All motion commands, except for move_until, do not wait for the motion to complete. If you need to wait for the motion to complete, please use sync()

Start Recording Motion Trajectory 3.1.11

start_record_trajectory(time)

• Parameters
  • time: Sampling period, minimum 0.01s, default 0.1s

End Recording Motion Trajectory 3.1.11

end_record_trajectory(name)

End recording motion trajectory and store the trajectory in name

Playback Motion Trajectory 3.1.11

motion_id = move_trajectory(name)

Enter Teaching Mode

teach_mode()

When the robot is in Idle state, calling this command can enter teaching (free-drive) mode. In teaching mode, each joint of the robot can be freely dragged, hence it's also called free-drive mode. The end load configuration will affect the teaching effect. If the set value is larger than the actual load, the robot will exert force upwards, and vice versa. Please check carefully.

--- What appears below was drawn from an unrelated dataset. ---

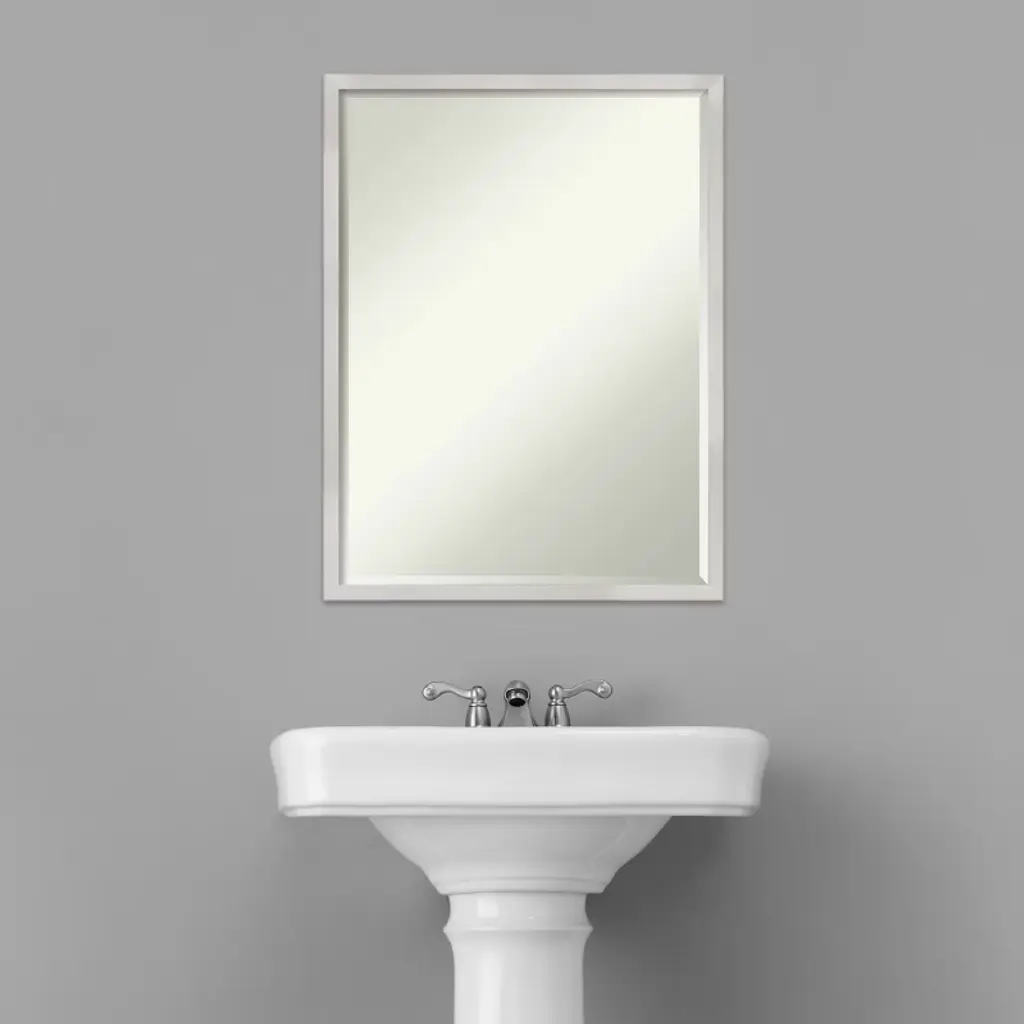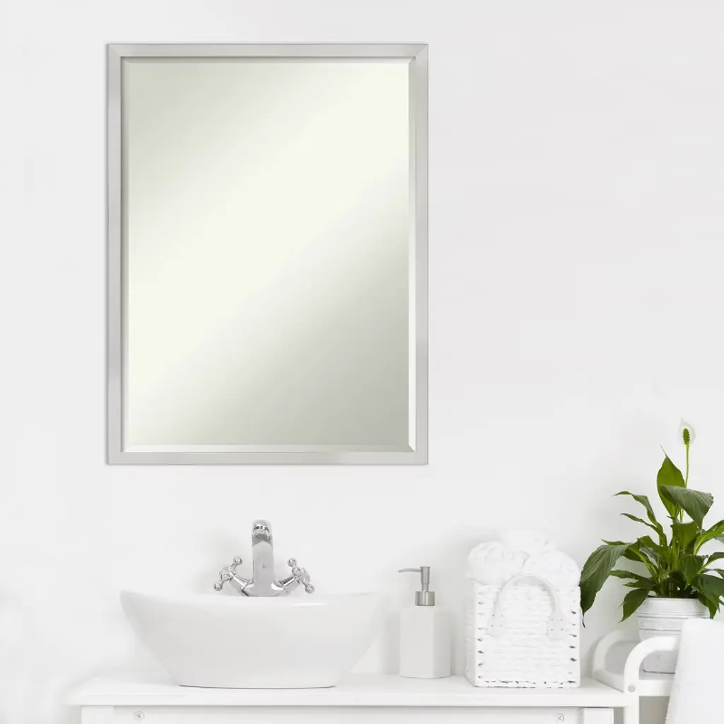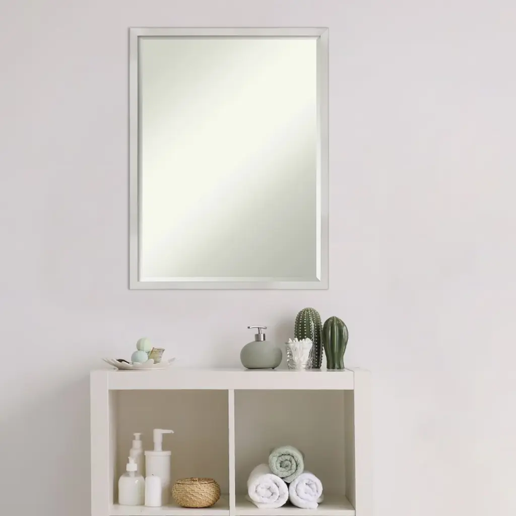 Amanti Art Svelte Silver Petite Bevel Wood Bathroom Wall Mirror 25.5 X 19.5 In.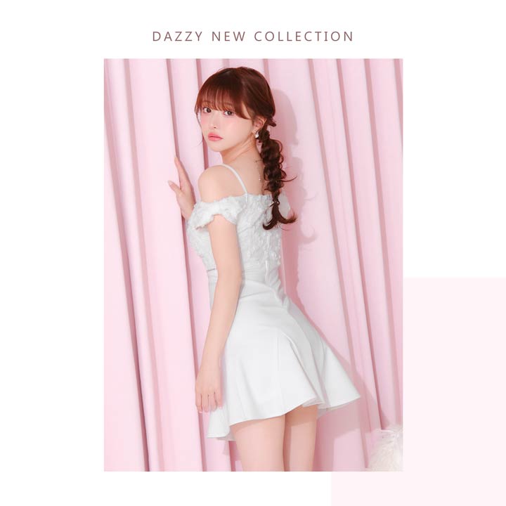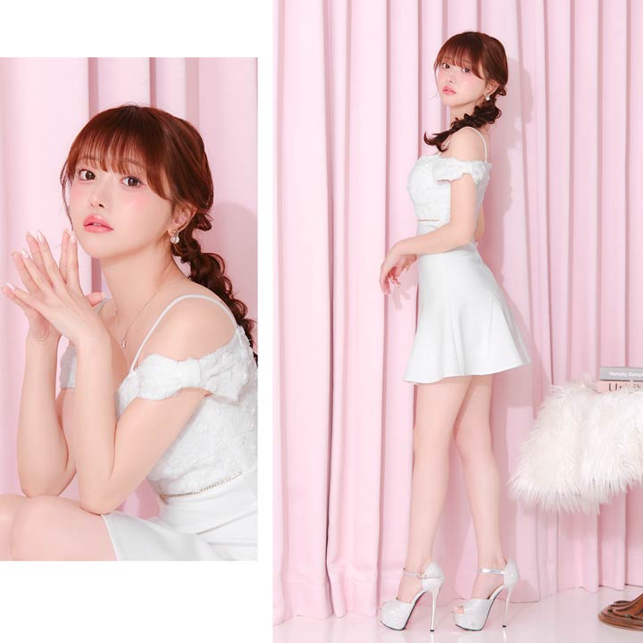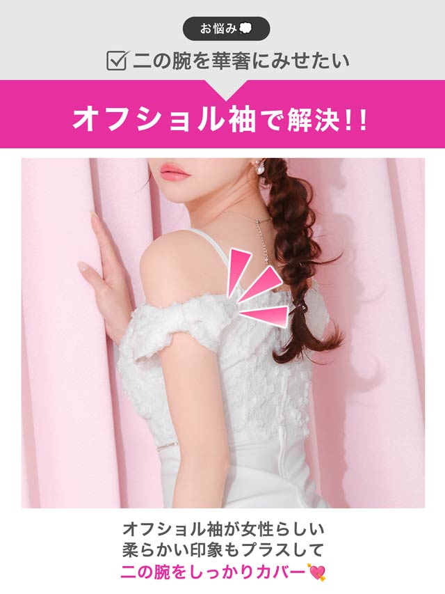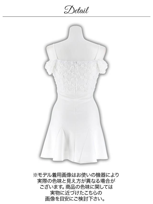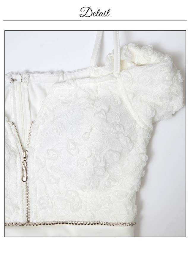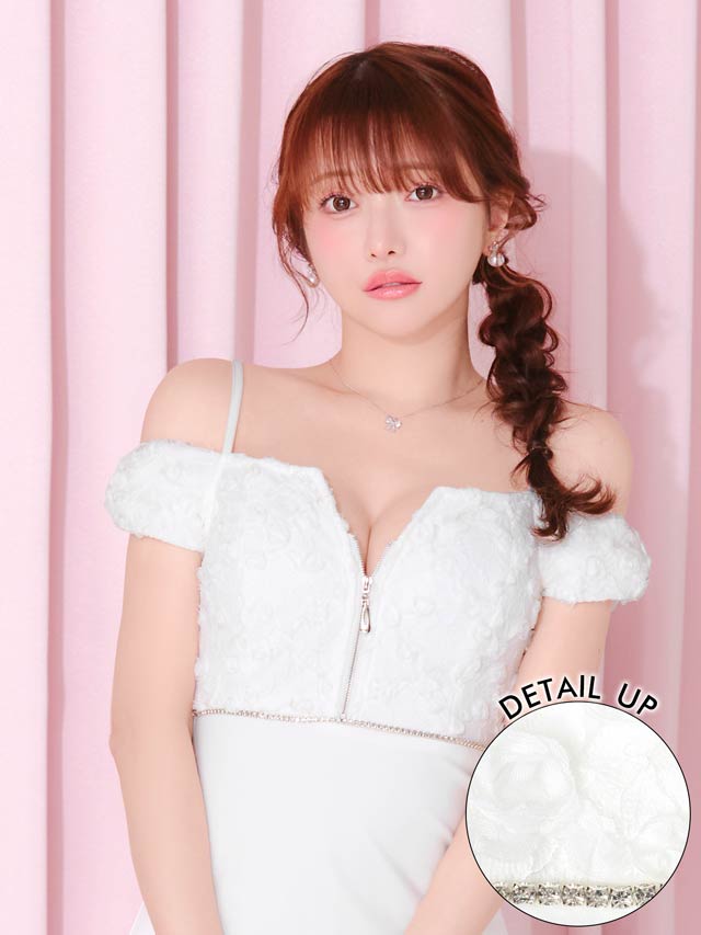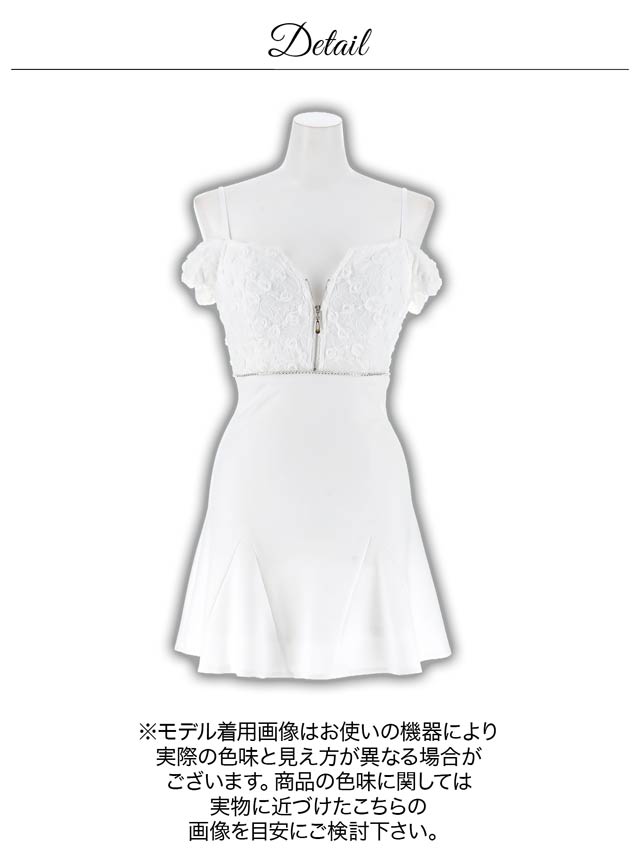 立体感のあるフラワーレースを贅沢にあしらったキャバドレス。フロントジップ仕様でさりげなく色気をプラスし、甘さの中に大人の雰囲気を漂わせます。ウエストに施されたビジューラインがくびれを強調してメリハリのあるシルエットを叶えます。

The command has no return value.

WARNING

When the robot is not in idle state, calling this command will produce an error 1000: The robot can only be taught when it is idle.

Exit Teaching Mode

end_teach_mode()

When the robot is in Teaching state, i.e., teaching (free-drive) mode, calling this command can exit teaching mode and return to Idle state. Calling in other modes does not produce an error.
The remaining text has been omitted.